_TASK DESCRIPTION_
Repeat the listing exactly. Pictures stay out of your copy.

_GIVEN ENTRIES_
- - - -

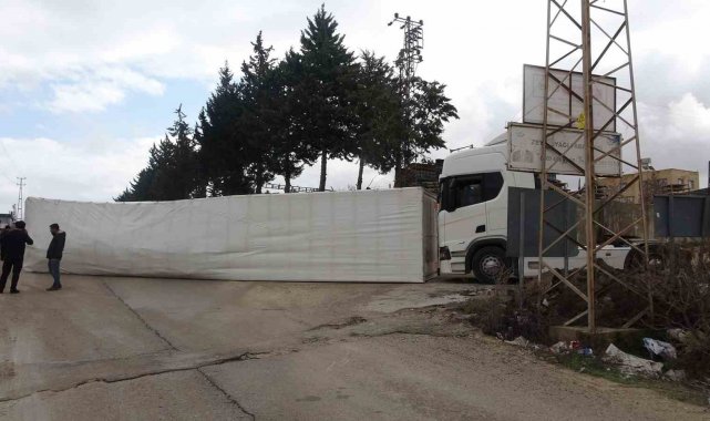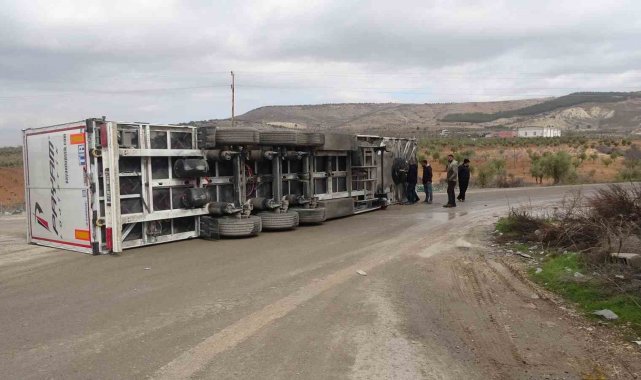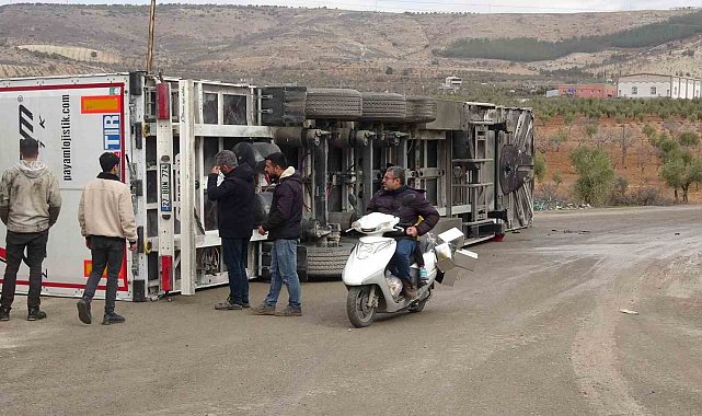 Kilis'te Duruca köyü yolu üzerinde virajı alamayan tır yan yattı. Kazada yaralanan olmazken, olayla ilgili inceleme başlatıldı.
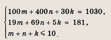Такое число только одно: N = 84. Ответ: 84 ребенка Между городами А и В летают самолеты трех типов. Каждый самолет первого, второго и третьего типа может принять на борт соответственно 230, 110 и 40 пассажиров, а также 27, 12 и 5 контейнеров. Все самолеты этой линии могут принять на борт 760 пассажиров и 88 контейнеров. Найдите число самолетов каждого типа, если их общее число на этой линии не более восьми. Ответ: 2; 2; 2 Завод имеет сборочные линии трех типов. На каждой линии первого, второго и третьего типа ежедневно собираются 100, 400 и 30 приемников первого класса и 19, 69 и 5 приемников высшего класса соответственно. В сумме на всех линиях ежедневно собирается 1030 приемников первого класса и 181 приемник высшего класса. Сколько линий каждого типа на заводе, если их общее число не превосходит 10? Решение: Пусть m, n и k — число линий первого, второго и третьего типа. Тогда
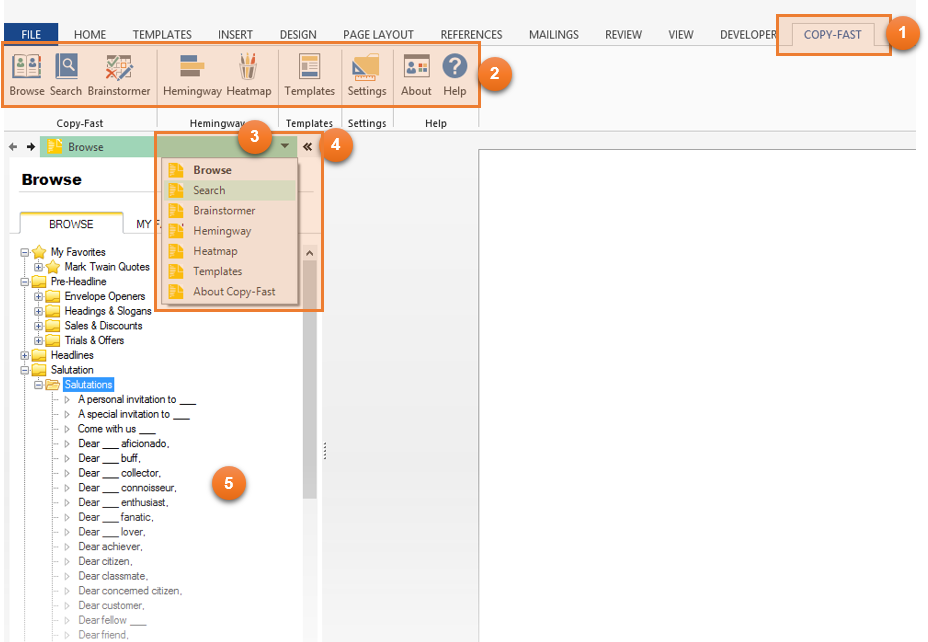 Copy-Fast is an add-in (also known as a ‘plug-in’) for Microsoft Word for Windows. It integrates seamlessly into Microsoft Word so everything you need to write great copy productively – including emails, sales letters, blog posts and more – is in one place.
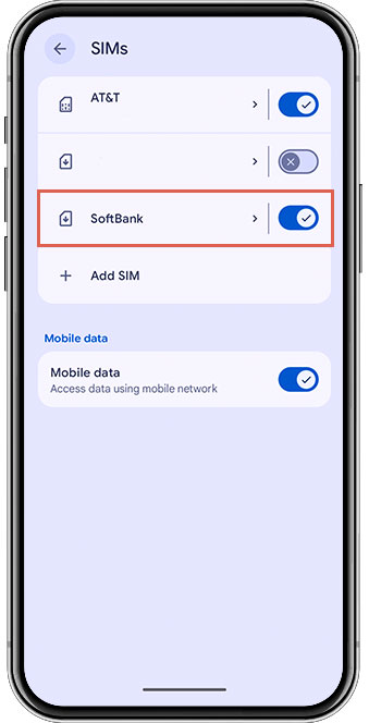 Select “SoftBank” or “Y!mobile” from the SIM list
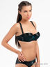 Великолепный бюстгальтер балконет с тонкой поролоновой чашкой на косточках, дополненной съемными вкладками, создающими эффект push-up. Выполнен из тонкой шелковистой эластичной ткани. Съемные бретели регулируются по длине, застежка на два крючка в две позиции, задняя планка усилена силиконовой лентой, чашки с хлопковой подкладкой. Бюстгальтер декорирован вставкой с бархатистым напылением.
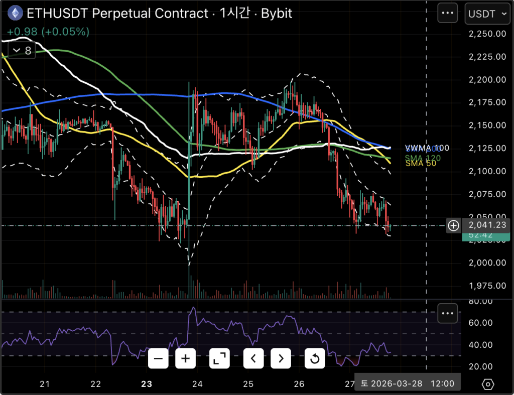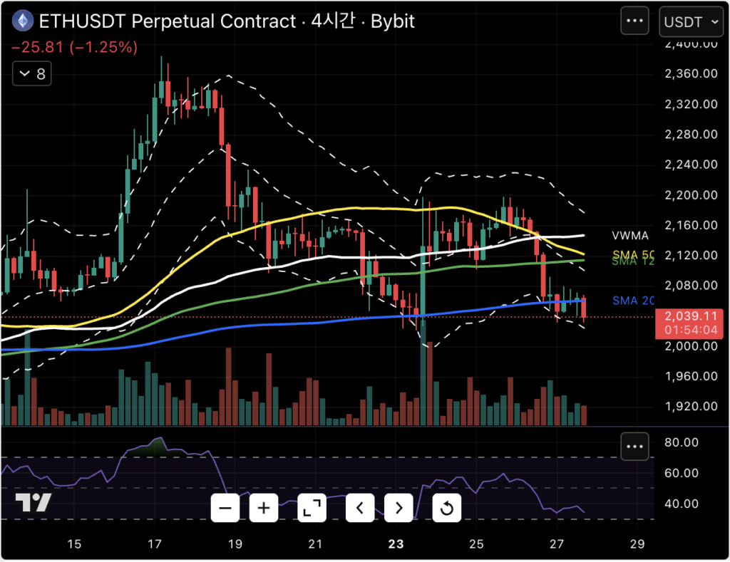 이더리움 4시간 봉입니다. 당연히 이평선 구조는 무너졌고 SMA 200도 결국 무너졌습니다. 결국 보이는 구조는 하나도 없고요. 그냥 기다리는 수 밖에 없어 보이네요.
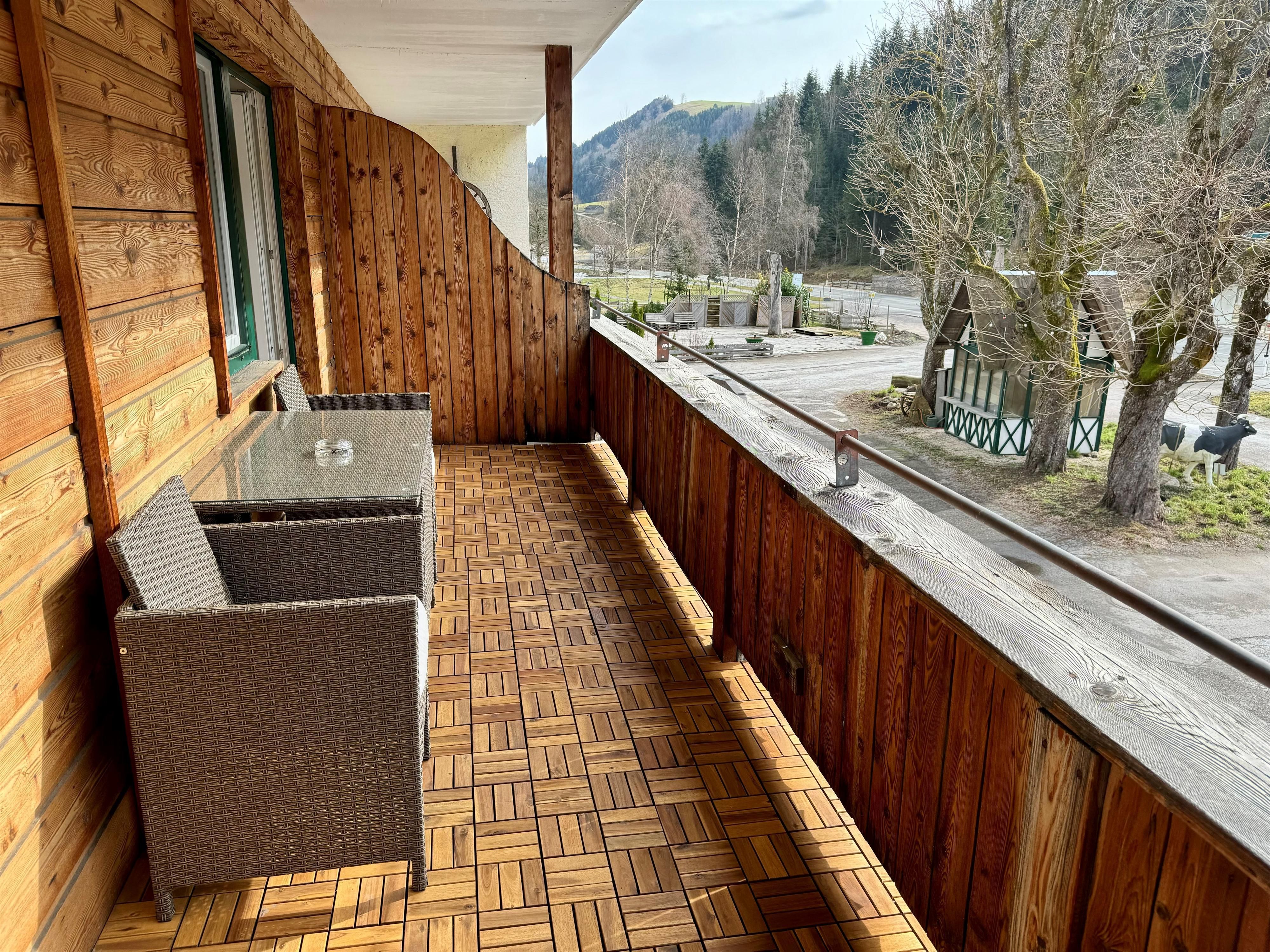 Vom Schlafzimmer und vom Wohnbereich aus erreicht ihr euren eigenen, überdachten Balkon, mit einmaligem Panoramablick auf die Tiroler Alpen.

- - - -

_THE ANSWER_
 Kilis'te Duruca köyü yolu üzerinde virajı alamayan tır yan yattı. Kazada yaralanan olmazken, olayla ilgili inceleme başlatıldı.
Такое число только одно: N = 84. Ответ: 84 ребенка Между городами А и В летают самолеты трех типов. Каждый самолет первого, второго и третьего типа может принять на борт соответственно 230, 110 и 40 пассажиров, а также 27, 12 и 5 контейнеров. Все самолеты этой линии могут принять на борт 760 пассажиров и 88 контейнеров. Найдите число самолетов каждого типа, если их общее число на этой линии не более восьми. Ответ: 2; 2; 2 Завод имеет сборочные линии трех типов. На каждой линии первого, второго и третьего типа ежедневно собираются 100, 400 и 30 приемников первого класса и 19, 69 и 5 приемников высшего класса соответственно. В сумме на всех линиях ежедневно собирается 1030 приемников первого класса и 181 приемник высшего класса. Сколько линий каждого типа на заводе, если их общее число не превосходит 10? Решение: Пусть m, n и k — число линий первого, второго и третьего типа. Тогда
 Copy-Fast is an add-in (also known as a ‘plug-in’) for Microsoft Word for Windows. It integrates seamlessly into Microsoft Word so everything you need to write great copy productively – including emails, sales letters, blog posts and more – is in one place.
 Select “SoftBank” or “Y!mobile” from the SIM list
 Великолепный бюстгальтер балконет с тонкой поролоновой чашкой на косточках, дополненной съемными вкладками, создающими эффект push-up. Выполнен из тонкой шелковистой эластичной ткани. Съемные бретели регулируются по длине, застежка на два крючка в две позиции, задняя планка усилена силиконовой лентой, чашки с хлопковой подкладкой. Бюстгальтер декорирован вставкой с бархатистым напылением.
 이더리움 4시간 봉입니다. 당연히 이평선 구조는 무너졌고 SMA 200도 결국 무너졌습니다. 결국 보이는 구조는 하나도 없고요. 그냥 기다리는 수 밖에 없어 보이네요.
 Vom Schlafzimmer und vom Wohnbereich aus erreicht ihr euren eigenen, überdachten Balkon, mit einmaligem Panoramablick auf die Tiroler Alpen.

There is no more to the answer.